The incidence of the desease is $1/1000$

$\mathbb{P}(B) = 0.001$

Let’s define:

$A$ : testing positive
$B$ : having the disease

Then we can have

$\begin{aligned} \mathbb{P}(B | A) = \frac{\mathbb{P}( A \cap B)}{\mathbb{P}(A)} & = \frac{\mathbb{P}(A | B) \mathbb{P}(B) }{\mathbb{P}(A)} \\ & = \frac{\mathbb{P}(A | B) \mathbb{P}(B) }{\mathbb{P}(A|B)\mathbb{P}(B) + \mathbb{P}(A | \neg B )\mathbb{P}(\neg B)} \\ & \approx 0.0265 \end{aligned}$

Inclusion–exclusion principle.

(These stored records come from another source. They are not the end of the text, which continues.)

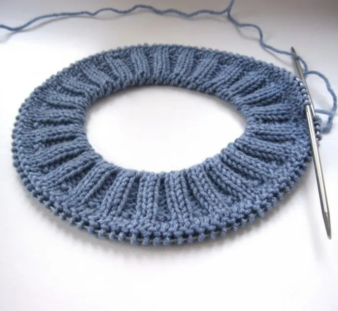 Вяжем горловину до необходимой высоты, затем переходим к имитации пришивной горловины.
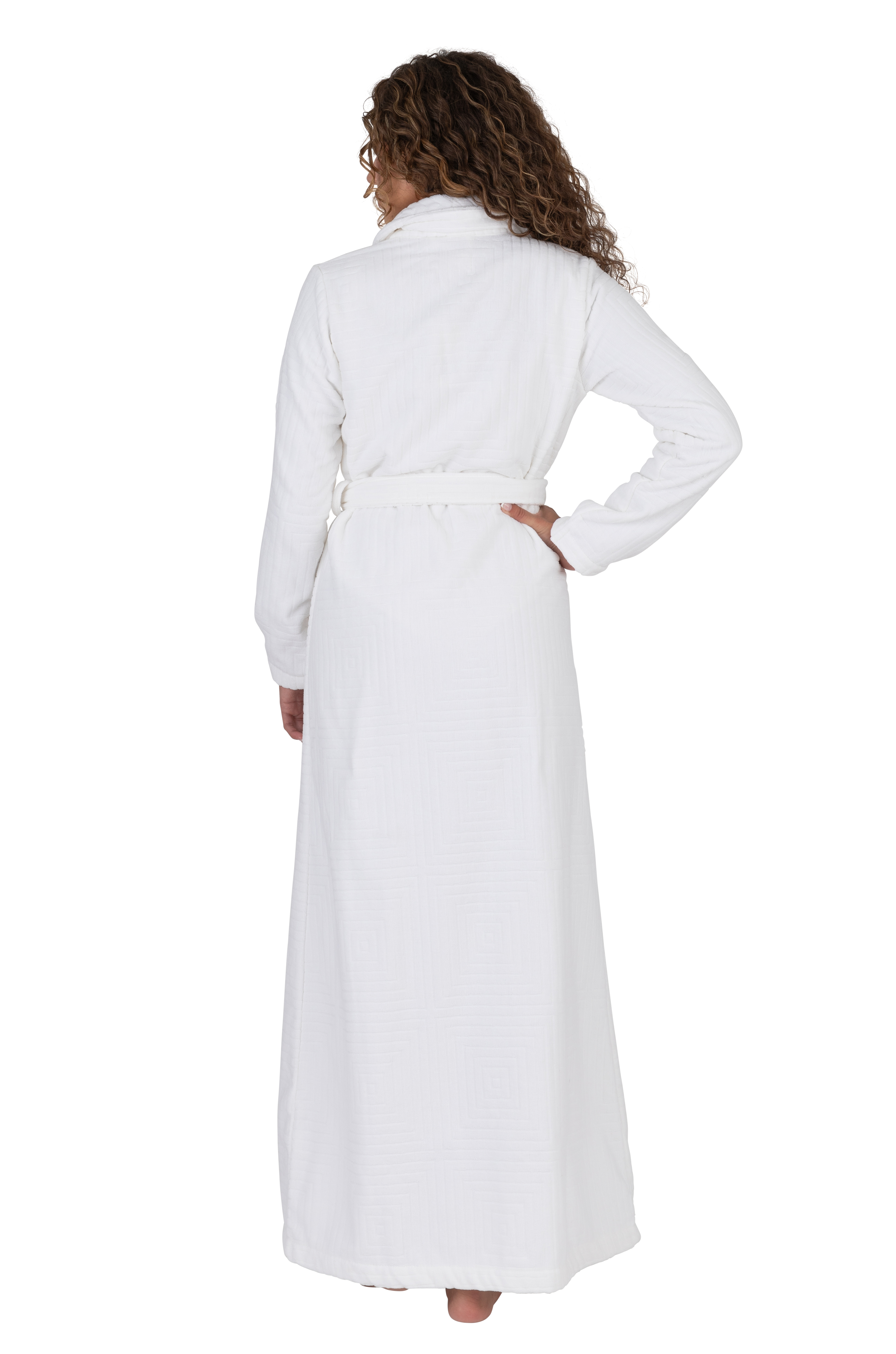Terry Wrap Long Geometric Belted Bathrobe With Shawl Collar White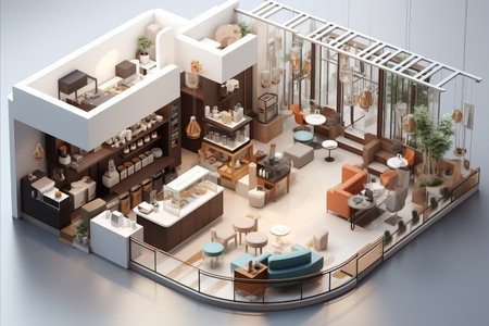Create an isometric illustration of a lively coffee shop with detailed elements and rich colors.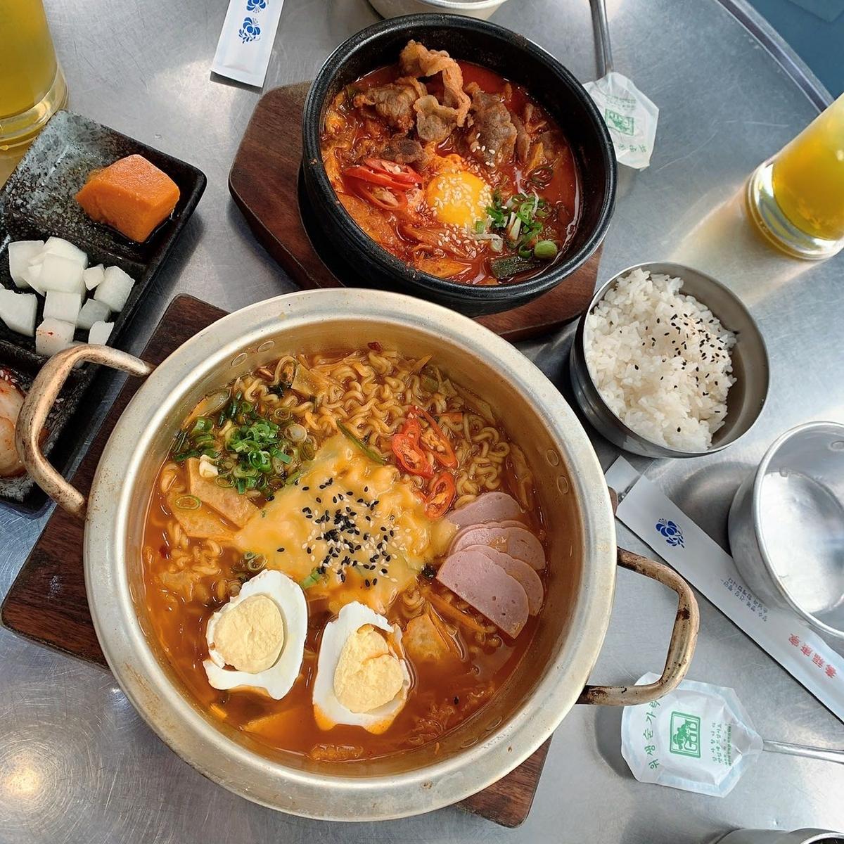 辣牛肉鍋和韓國拉麵部隊鍋👍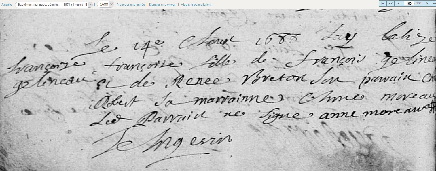 née le 14 août 1688 à Angrie - Maine-et-Loire (49)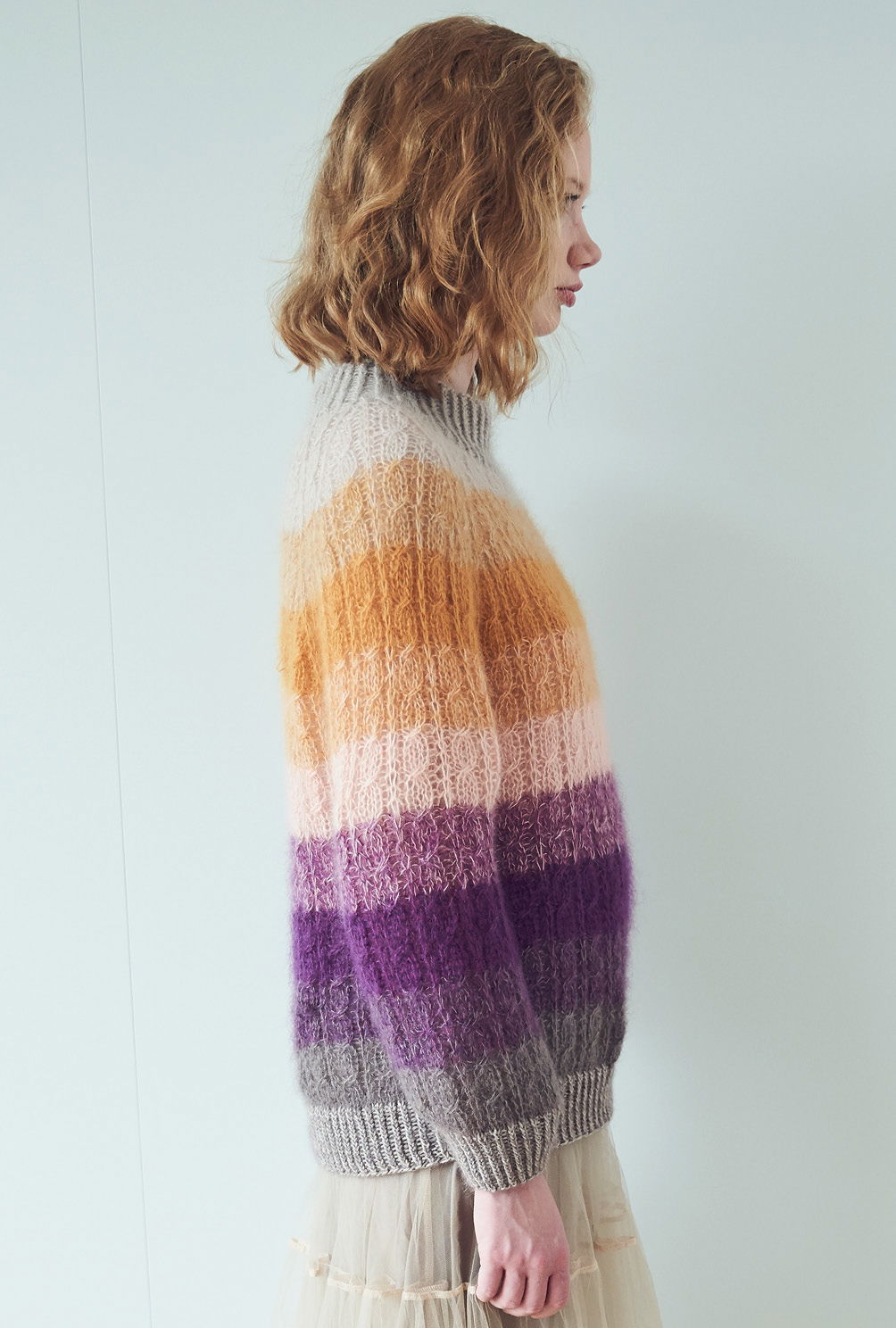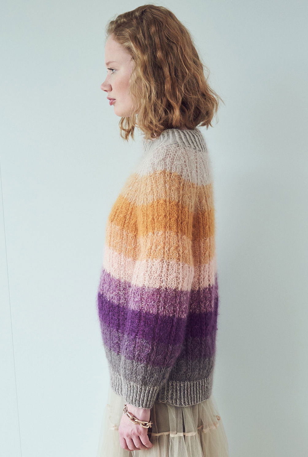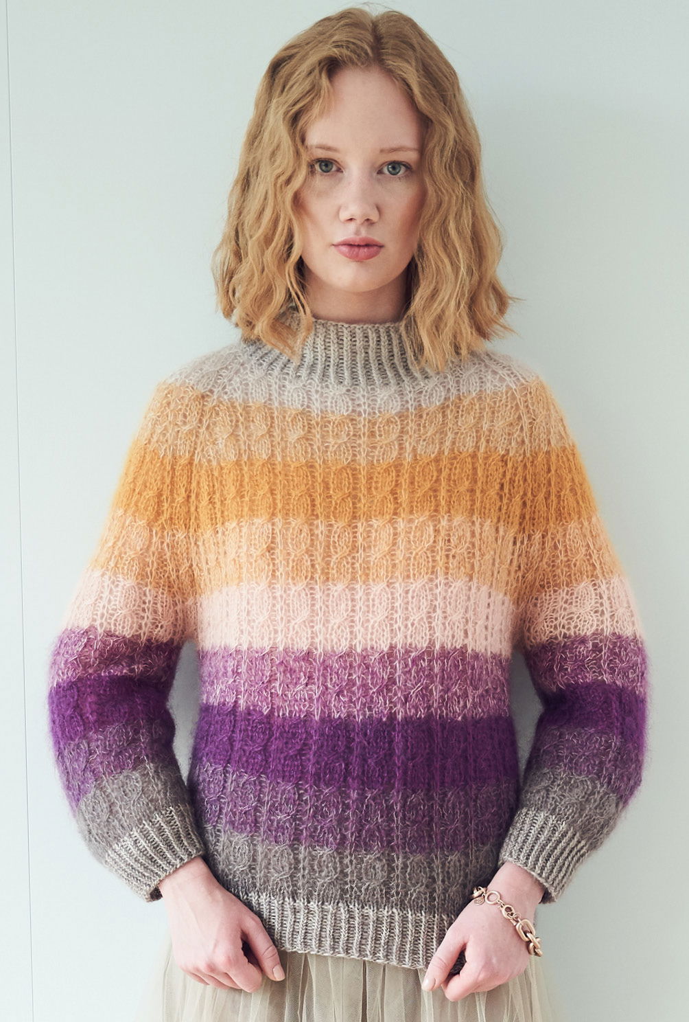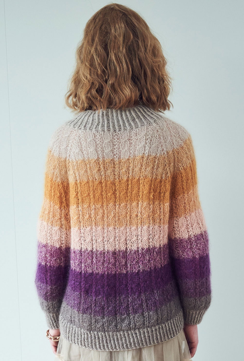 Der gestreifte Farbverlauf von Brombeer und Aubergine über Curry bis hin zu Beige gibt dem doppelfädig gestrickten Zopfmusterpulli mit Raglanpasse die spannende Optik. Für die Streifen wird immer mal wieder einer der beiden Fäden gegen eine andere Farbe ausgetauscht – so entsteht ein ganz besonders harmonischer Melange-Effekt innerhalb der Streifen. Bis zur Passenhöhe werden alle Teile einzeln und von unten nach oben im Zopfmuster gestrickt – – dieses ist nicht sonderlich kompliziert und die übersichtliche Strickschrift hilft zusätzlich dabei, stets den Überblick zu behalten. Für die Passe kommen dann alle Teile gemeinsam auf die Nadel und weiter geht es jetzt immer im Kreis. Zum Schluss bekommt der Halsausschnitt noch die Rippenblende angestrickt und alle Nähte werden geschlossen.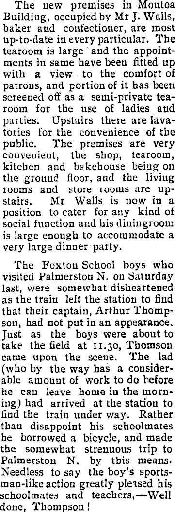The new premises in Moutoa Building, occupied by Mr J. Walls, baker and confectioner, are most up-to-date in every particular. The tearoom is large and the appointments in same have been fitted up with a view to the comfort of patrons, and portion of it has been screened off as a semi-private tearoom for the use of ladies and parties. Upstairs there are lavatories for the convenience of the public. The premises are very convenient, the shop, tearoom, kitchen and bakehouse being on the ground floor, and the living rooms and store rooms are upstairs. Mr Walls is now in a position to cater for any kind of social function and his diningroom is large enough to accommodate a very large dinner party. The Foxton School boys who visited Palmerston N. on Saturday last, were somewhat disheartened as the train left the station to find that their captain, Arthur Thompson, had not putin an appearance. Just as the boys were about to take the field at 11.30, Thomson came upon the scene. The lad (who by the way has a considerable amount of work to do before he can leave home in the morning) had arrived at the station to find the train under way. Rather than disappoint his schoolmates he borrowed a bicycle, and made the somewhat strenuous trip to Palmerston N. by this means. Needless to say the boy’s sports-man-like action greatly pleased his schoolmates and teachers, —Well done, Thompson !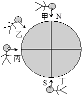 小题1:若图中的球是地球,则甲乙丙丁四人看到的地球自转线速度最快的是(?)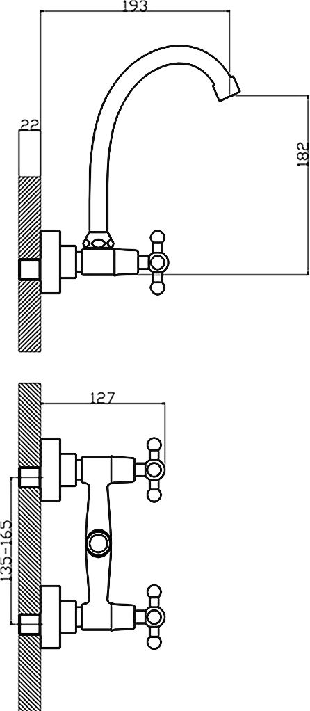 Утонченный с-образный излив, удобные крестообразные маховики и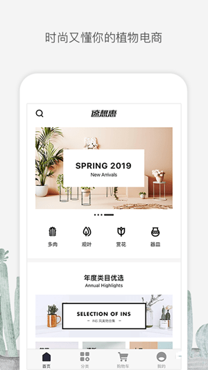 1. 定制首頁:每日推薦精選商品,四季時令植物

In combinatorics, a branch of mathematics, the inclusion–exclusion principle is a counting technique which generalizes the familiar method of obtaining the number of elements in the union of two finite sets; symbolically expressed as

$|A \cup B| = |A| + |B| - |A \cap B |$

The inclusion-exclusion principle, being a generalization of the two-set case, is perhaps more clearly seen in the case of three sets, which for the sets A, B and C is given by

$\begin{aligned} |A\cup B\cup C|=|A|+|B|+|C|- & |A\cap B|- |A\cap C| \\ & -|B\cap C|+|A\cap B\cap C| \end{aligned}$

$A demo figure$

Figure 1. Illustration of inclusion-exclusion principle.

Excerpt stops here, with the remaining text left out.